Art. 427.  Se o interesse da ordem pública o reclamar ou houver dúvida sobre a imparcialidade do júri ou a segurança pessoal do acusado, o Tribunal, a requerimento do Ministério Público, do assistente, do querelante ou do acusado ou mediante representação do juiz competente, poderá determinar o desaforamento do julgamento para outra comarca da mesma região, onde não existam aqueles motivos, preferindo-se as mais próximas.  (Redação dada pela Lei nº 11.689, de 2008)

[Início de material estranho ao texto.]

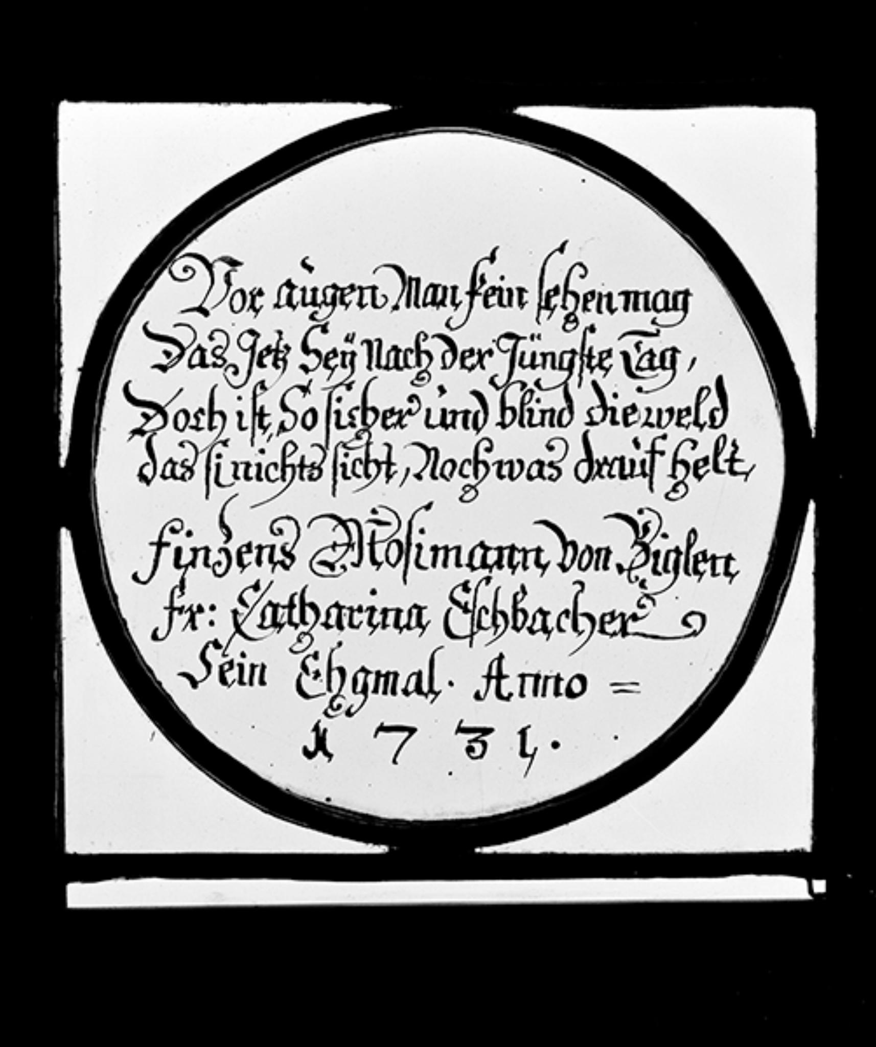 Der Spruch der vorliegenden Scheibe geht auf Joachim von Beusts "Christiados Libellus" (Erstausgabe 1570) zurück. Diese dem religiösen Unterricht dienende Verssammlung fasst das Evangelium in mehrsprachigen Versen zusammen und ordnet sie den Sonntagen des Jahres zu. Dem 2. Advent ist folgender Spruch, auf dem Lukasevangelium, Kap. 21, basierend, zugeordnet: "Fur Augen man frey sehen mag / Das jtzt nah sey der Jüngste tag: / Doch ist so sicher blind die Welt / Das sies nicht sicht / und nichts drauff helt." (Ausgabe 1574, S. 189).

§ 1o  O pedido de desaforamento será distribuído imediatamente e terá preferência de julgamento na Câmara ou Turma competente. (Incluído pela Lei nº 11.689, de 2008)

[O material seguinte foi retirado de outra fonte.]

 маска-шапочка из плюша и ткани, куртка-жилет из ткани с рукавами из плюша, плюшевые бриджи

§ 2o  Sendo relevantes os motivos alegados, o relator poderá determinar, fundamentadamente, a suspensão do julgamento pelo júri.  (Incluído pela Lei nº 11.689, de 2008)

§ 3o  Será ouvido o juiz presidente, quando a medida não tiver sido por ele solicitada.   (Incluído pela Lei nº 11.689, de 2008)

§ 4o  Na pendência de recurso contra a decisão de pronúncia ou quando efetivado o julgamento, não se admitirá o pedido de desaforamento, salvo, nesta última hipótese, quanto a fato ocorrido durante ou após a realização de julgamento anulado.   (Incluído pela Lei nº 11.689, de 2008)

 


 

 

Vide jurisprudência

 

 

Desaforamento é o ato de transferência do julgamento do júri para outra Comarca por motivos elencados no artigo em tela e ordem pública:

Interesse de ordem pública: a ordem pública é a segurança existente na Comarca onde júri deverá realizar-se. Assim havendo motivos razoáveis e comprovados de que a ocorrência do julgamento provocará distúrbios, gerando intranquilidade na sociedade local, constituído está o fundamento para desaforar o caso. Não basta, para essa apuração, o sensacionalismo da imprensa do lugar, muitas vezes artificial e que não reflete o exato sentimento das pessoas. O juiz pode apurar tal fato ouvindo as autoridades locais (polícia civil, polícia militar, Ministério Público, entre outros).

 

 

Outro motivo é imparcialidade dos membros do Conselho de Sentença que é de difícil apuração. Exemplo corriqueiro para tal motivo e os jurados através de entrevistas ou formar de comunicação de mídia digital opinarem na órbita do delito.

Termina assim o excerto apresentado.